Website Content Scraped into Obsidian — 网页site Content Scraped into Obsidian

v0.1.2

Fetch social media content and save to Obsidian. Supports Twitter/X, Reddit, GitHub, HackerNews, Bilibili, Weibo, Xiaohongshu and 30+ 平台s via bb-browser. Use when: (1) user asks to fetch/同步 social media content to Obsidian; (2) user asks to 设置 up scheduled 同步; (3) user provides a 列出 of accounts to 追踪.

0· 245·0 当前·0 累计

by @glassmarbles (Glassmarbles)·MIT-0

开发工具代码生成数据与API 数据库网络工具

下载技能包

License

MIT-0

License

MIT-0

可自由使用、修改和再分发，无需署名。

查看条款 ↗

运行时依赖

无特殊依赖

安装命令

点击复制

官方npx clawhub@latest install claw-social-feed

镜像加速npx clawhub@latest install claw-social-feed --registry https://cn.longxiaskill.com镜像同步中

需要定制？告诉我你的需求 →

技能文档

claw-social-feed

Fetch social media timelines into Obsidian vaults. Multi-平台, incremental 同步, smart 过滤器ing, auto-tagging.

Core dependency: bb-browser (via --OpenClaw flag to reuse the OpenClaw browser 会话). Supports 36 平台s via bb-browser adapters — see references/平台s.md.

工作流 User config (config.yaml) │ ▼ fetch_save.py │ ├── Dedup accounts ├── Read 状态.json (last fetch cursor) │ ▼ bb-browser site <平台>/ --OpenClaw --json │ ▼ 过滤器 → Tag → Write to Obsidian │ ▼ 更新状态.json

Quick 启动

安装 bb-browser

# Requires Node.js 18+ npm 安装 -g bb-browser

# 验证 bb-browser --version

配置 accounts

Edit config.yaml:

accounts: - 平台: twitter username: your_tar获取_handle - 平台: hackernews username: your_username

vault_base: ~/Documents/Obsidian Vault/SocialFeed

fetch: count: 20

过滤器s: min_text_length: 30 skip_retweet_no_comment: true skip_link_only: true blocked_keywords: []

tagging: enabled: true keywords: AI / LLM / GPT / Claude: AI Python / JavaScript / Rust: coding

运行

python3 scripts/fetch_save.py --verbose

检查输出

Content lands in vault_base/@username/ — one .md file per post, with Obsidian YAML frontmatter (平台, author, date, URL, likes, tags).

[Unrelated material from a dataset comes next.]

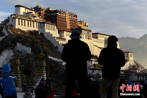 资料图:2015年1月1日,众多中外游客清晨来到布达拉宫观景台拍摄布达拉宫日出迎接2015新年的到来。李林 摄

Config Reference accounts accounts: - 平台: twitter username: dotey

平台: must match a bb-browser supported 平台 (see references/平台s.md) username: the 平台-native user identifier Deduplication: 平台 + username must be unique within the 列出过滤器s Field Type Default Description min_text_length int 30 Skip posts below this character count skip_retweet_no_comment bool true Skip retweets with no original comment skip_link_only bool true Skip posts that are links/images with little text blocked_keywords 列出 [] Skip posts contAIning any of these keywords tagging

Auto-tag based on keyword matching (case-insensitive, / separated synonyms = OR):

tagging: enabled: true keywords: AI / LLM / 大模型: AI 技能 / 技能s: 技能 Python / JavaScript: coding

fetch.count fetch: count: 20 # default 20, max 100

twitter/tweets returns ~20 tweets newest-first by default. For scheduled 同步s, 设置 to 50–100 to avoid missing posts from high-frequency accounts between 同步 intervals.

Incremental 同步

状态.json 追踪s the last-fetched timestamp per account. On re-运行:

Skips posts with 创建d_at ≤ last_fetch Saves only new content 更新s last_fetch timestamp

Missed-运行 compensation: if a cron job missed a 运行 (e.g., machine was off), the next 运行 will backfill content within catchup_window_days (default 3 days).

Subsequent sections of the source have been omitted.